The thorn in our side? GenAI implementation is a complex task, plain and simple. Therefore, we can’t stress enough the importance of having a well-thought-out plan. You should have well-defined milestones, intermediate metrics, and reviews after each step of the process.

Implementing generative AI is a multifaceted endeavor. It requires a comprehensive roadmap, guiding you from the initial concept to full-scale deployment. A structured step-by-step approach is a must. So here’s how we see it:

Step 1: Define Clear Business Objectives

First, set clear and specific business objectives. These will serve as the foundation for your AI implementation strategy. Prioritize objectives based on their potential impact, feasibility, and alignment with your business goals. This clarity will help narrow down the areas where generative AI should be adopted.

This should be done way earlier than choosing the right tech stack, ensuring data safety, identifying the best use cases or anything else. Many teams have experienced a situation where the whole process of implementing a new feature crumbled due to the focus being in the wrong place.

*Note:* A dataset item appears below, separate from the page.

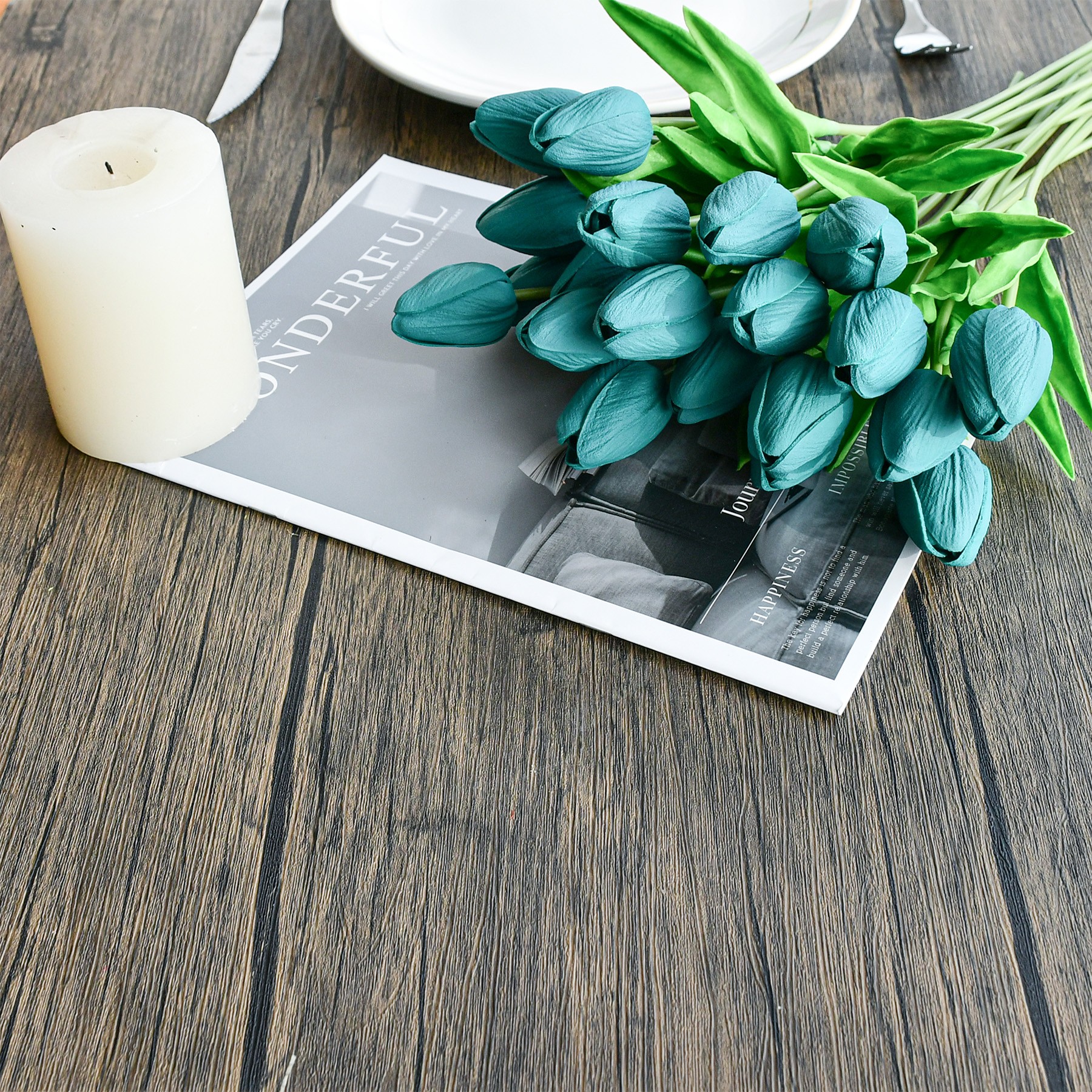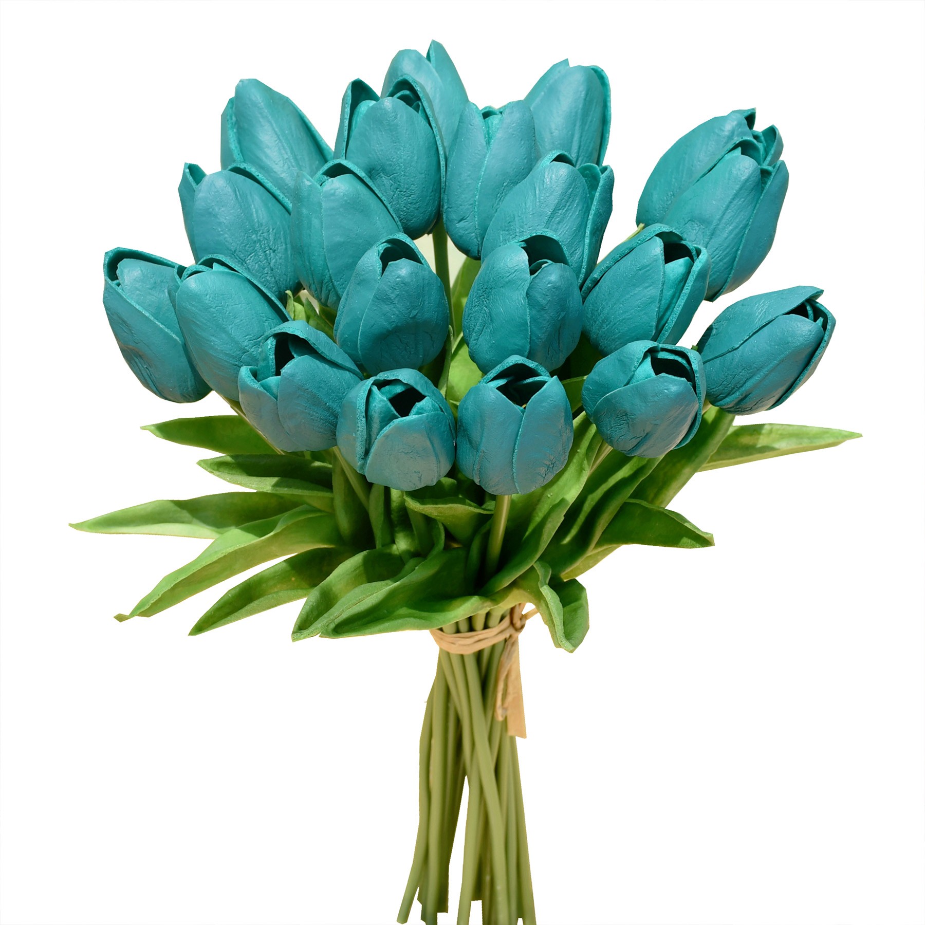 Mandy's 20pcs Teal Flowers Artificial Tulip Silk Fake Flowers 13.5"
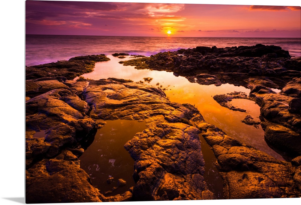 <p>Sunset and tide pool above the Pacific, Kailua-Kona, Hawaii USA</p>

Step 2: Identify and Evaluate AI Use Cases

Based on the business objectives you defined in Step 1, you will identify and evaluate specific use cases where generative AI models can be applied.

Natural language processing (NLP) plays a crucial role in enhancing chatbot performance and generating content for automated custom software engineering.

Think about the ease of implementation, potential impact, and ROI for each use case. Ensure that the chosen use cases align with your business objectives and address specific problems or opportunities.

There are a few questions you may find helpful to find answers to:

  • Will the implementation of GenAI affect only one department or several of them?
  • Will the designed solution be a stand-alone one, or will it be integrated into the existing one?
  • Does your team have to build a custom model from scratch, or can some pre-existing solutions be adapted to meet your needs?
  • Do you need to train your model with some specific data? Do you have this data at hand, or do you need to collect it first? Is it necessary to train the AI model with particular sets of data?
  • Is there any risk that your use case has ethical and legal implications? What is your industry’s regulatory escape? Do you have to be mindful of any data privacy laws? Does your company have any ethical guidelines you have to follow?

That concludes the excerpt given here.